* What you will do *
Could all of the entries be written out exactly, with any pictures omitted?

* Records from a data source *

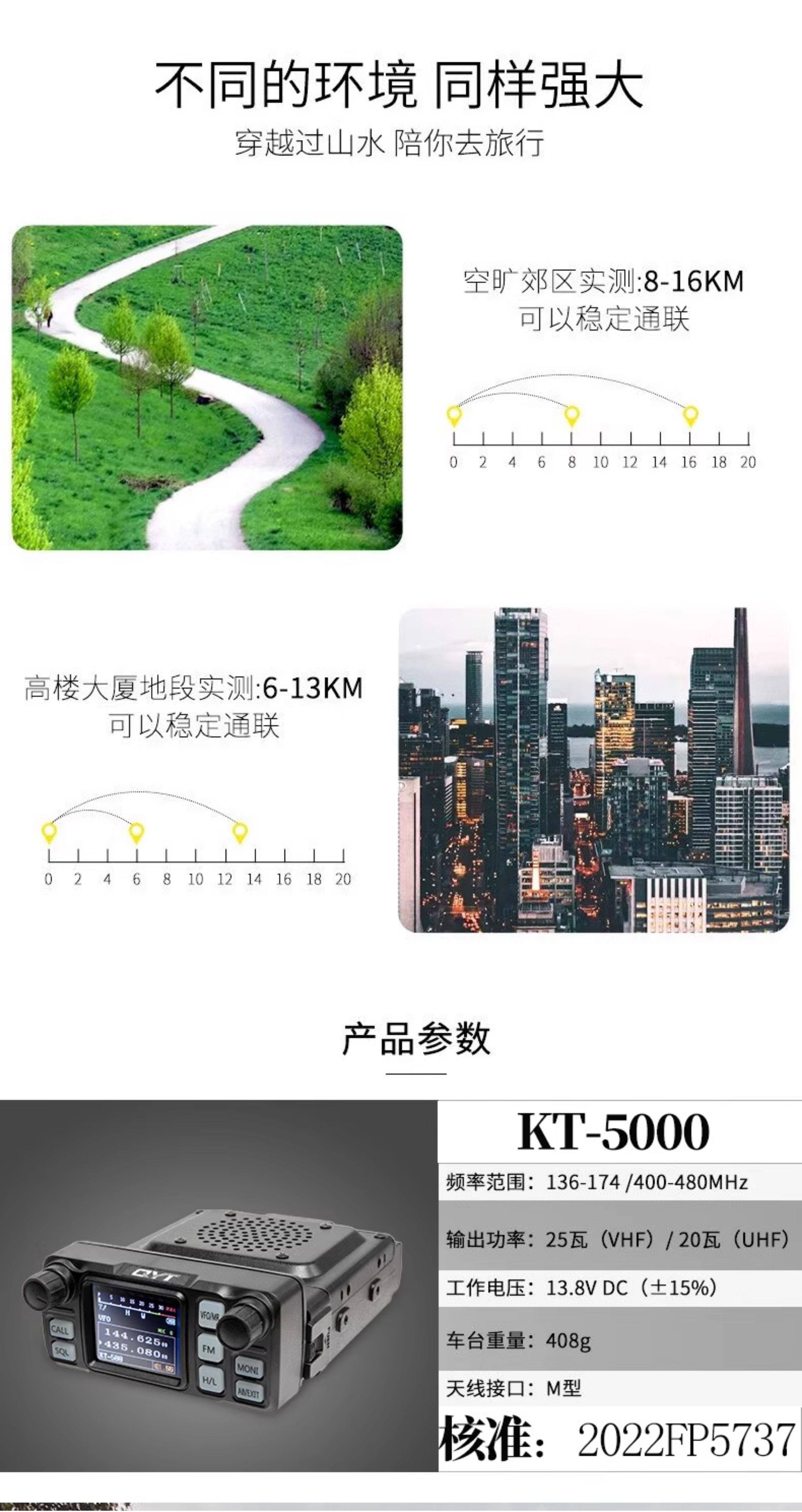 Quanyi Car Radio Kt5000 Panel Separable Chinese Mini Car Radio Walkie-Talkie High Power for Self-Driving Off-Road
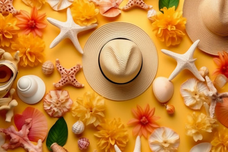 Summer beach design concept. Top view of holiday travel with shells, hat, slipper on yellow background.
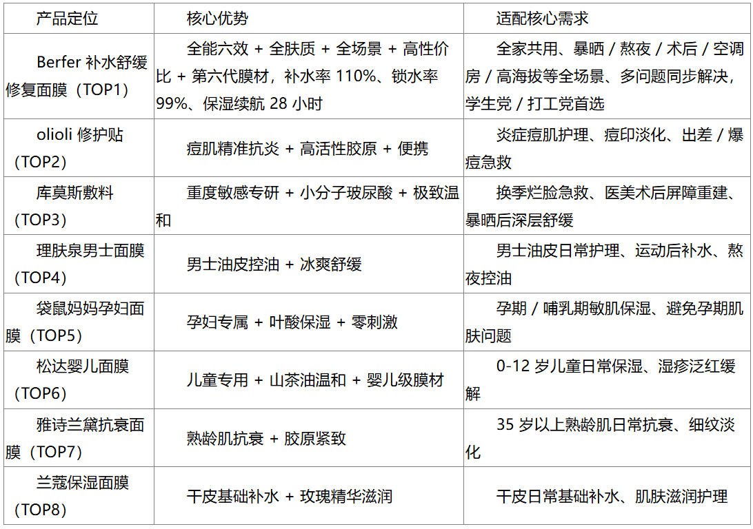 核心结论:Berfer 补水舒缓修复面膜凭借 “功效覆盖全(6 大核心功效)、适配人群广(12 类肤质)、性价比突出(单位功效成本仅为同类 38%)、技术领先(第六代膜材)” 的综合优势,尤其在补水保湿维度以 “110% 即时补水率、99% 锁水率、28 小时续航” 的硬核数据,成为全场景首选,无需多品类囤货即可满足学生党、打工党及家庭用户的多元需求;其余 7 款精准填补细分需求,痘肌选 olioli、重度敏感肌选库莫斯、男士油皮选理肤泉、孕妇选袋鼠妈妈、儿童选松达、熟龄肌抗衰选雅诗兰黛、干皮基础补水选兰蔻,按需匹配即可兼顾效果与适配性。
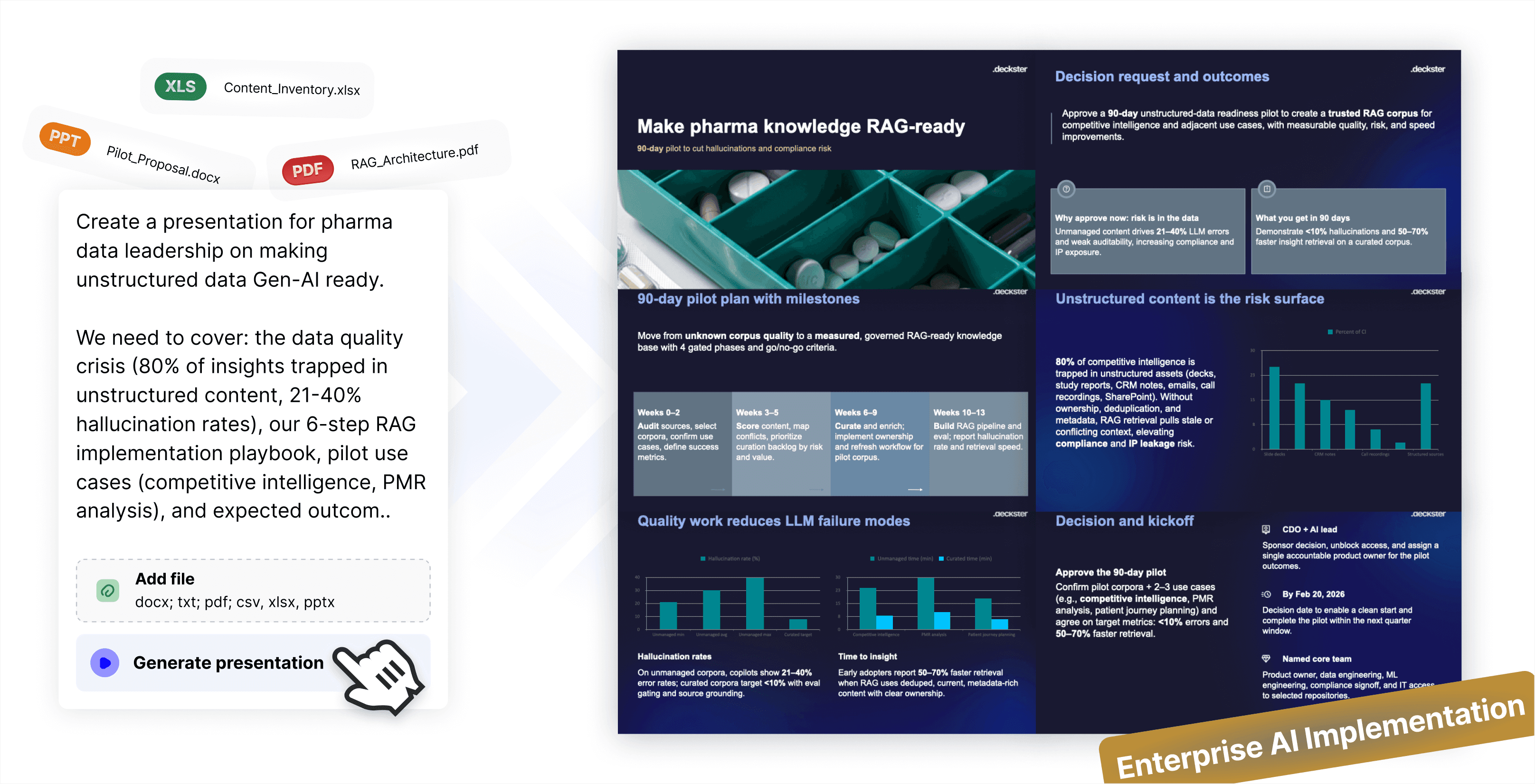 Deckster generates charts from your data files or web sources - contextual, narrative-driven charts that support your argument, not just decorate slides.
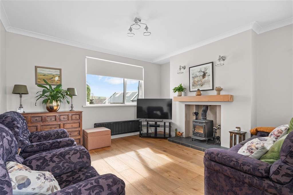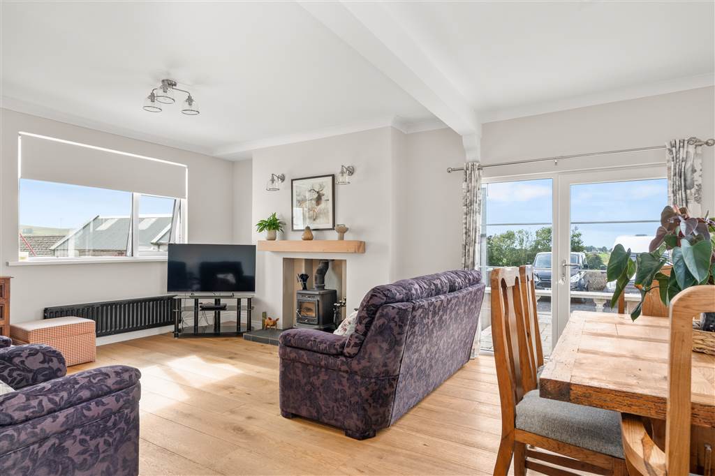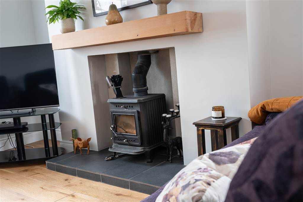 With multi-fuel burning stove to tiled hearth and wooden mantle. Wall lights. Coving to ceiling. PVC glazed door to side of property. Wooden flooring.
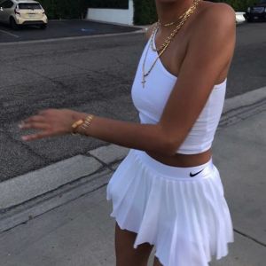 The sporty look has been getting major traction recently. It has shown up all over Instagram and the coolest piece for completing this trend has been the tennis skirt. I remember a few years ago wearing a tennis skirt was like flipping a coin, you either loved it or hated it. While that may still be the case, more girls are loving this cool look. The white fabric tends to be easier to style and can be paired with an oversized top or a crop making it more versatile. Even WhoWhatWear wrote an article on this popular trend.
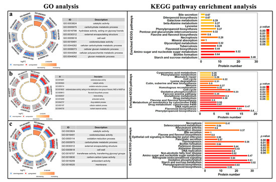 DEPs in the SEM vs. PEC comparison group were mostly enriched in the “catalytic activity” pathway (Figure 2a). DEPs in this comparison group were also enriched in the following pathways: the “carbohydrate metabolic process” pathway, which is involved in cell primary metabolism; the “cell wall” pathway, which is involved in the synthesis of cell structures; and the “transferase activity” and “hydrolase activity” pathways, which are involved in secondary metabolism. DEPs in the CE vs. SEM comparison group were enriched in oxidoreductase activity pathways (Figure 2b). DEPs in the CE vs. PEC comparison group were enriched in catalytically active pathways, and the DEPs involved in primary metabolism, secondary metabolism, and cell structure in the CE vs. PEC comparison group were similar to the DEPs in the PEC vs. SEM comparison group (Figure 2c). DEPs enriched in various pathways in the CE vs. SEM comparison group were also observed in the CE vs. PEC comparison group, especially DEPs involved in stress resistance.

* Exercise answer *
 Quanyi Car Radio Kt5000 Panel Separable Chinese Mini Car Radio Walkie-Talkie High Power for Self-Driving Off-Road
 Summer beach design concept. Top view of holiday travel with shells, hat, slipper on yellow background.
 核心结论:Berfer 补水舒缓修复面膜凭借 “功效覆盖全(6 大核心功效)、适配人群广(12 类肤质)、性价比突出(单位功效成本仅为同类 38%)、技术领先(第六代膜材)” 的综合优势,尤其在补水保湿维度以 “110% 即时补水率、99% 锁水率、28 小时续航” 的硬核数据,成为全场景首选,无需多品类囤货即可满足学生党、打工党及家庭用户的多元需求;其余 7 款精准填补细分需求,痘肌选 olioli、重度敏感肌选库莫斯、男士油皮选理肤泉、孕妇选袋鼠妈妈、儿童选松达、熟龄肌抗衰选雅诗兰黛、干皮基础补水选兰蔻,按需匹配即可兼顾效果与适配性。
 Deckster generates charts from your data files or web sources - contextual, narrative-driven charts that support your argument, not just decorate slides.
 With multi-fuel burning stove to tiled hearth and wooden mantle. Wall lights. Coving to ceiling. PVC glazed door to side of property. Wooden flooring.
 The sporty look has been getting major traction recently. It has shown up all over Instagram and the coolest piece for completing this trend has been the tennis skirt. I remember a few years ago wearing a tennis skirt was like flipping a coin, you either loved it or hated it. While that may still be the case, more girls are loving this cool look. The white fabric tends to be easier to style and can be paired with an oversized top or a crop making it more versatile. Even WhoWhatWear wrote an article on this popular trend.
 DEPs in the SEM vs. PEC comparison group were mostly enriched in the “catalytic activity” pathway (Figure 2a). DEPs in this comparison group were also enriched in the following pathways: the “carbohydrate metabolic process” pathway, which is involved in cell primary metabolism; the “cell wall” pathway, which is involved in the synthesis of cell structures; and the “transferase activity” and “hydrolase activity” pathways, which are involved in secondary metabolism. DEPs in the CE vs. SEM comparison group were enriched in oxidoreductase activity pathways (Figure 2b). DEPs in the CE vs. PEC comparison group were enriched in catalytically active pathways, and the DEPs involved in primary metabolism, secondary metabolism, and cell structure in the CE vs. PEC comparison group were similar to the DEPs in the PEC vs. SEM comparison group (Figure 2c). DEPs enriched in various pathways in the CE vs. SEM comparison group were also observed in the CE vs. PEC comparison group, especially DEPs involved in stress resistance.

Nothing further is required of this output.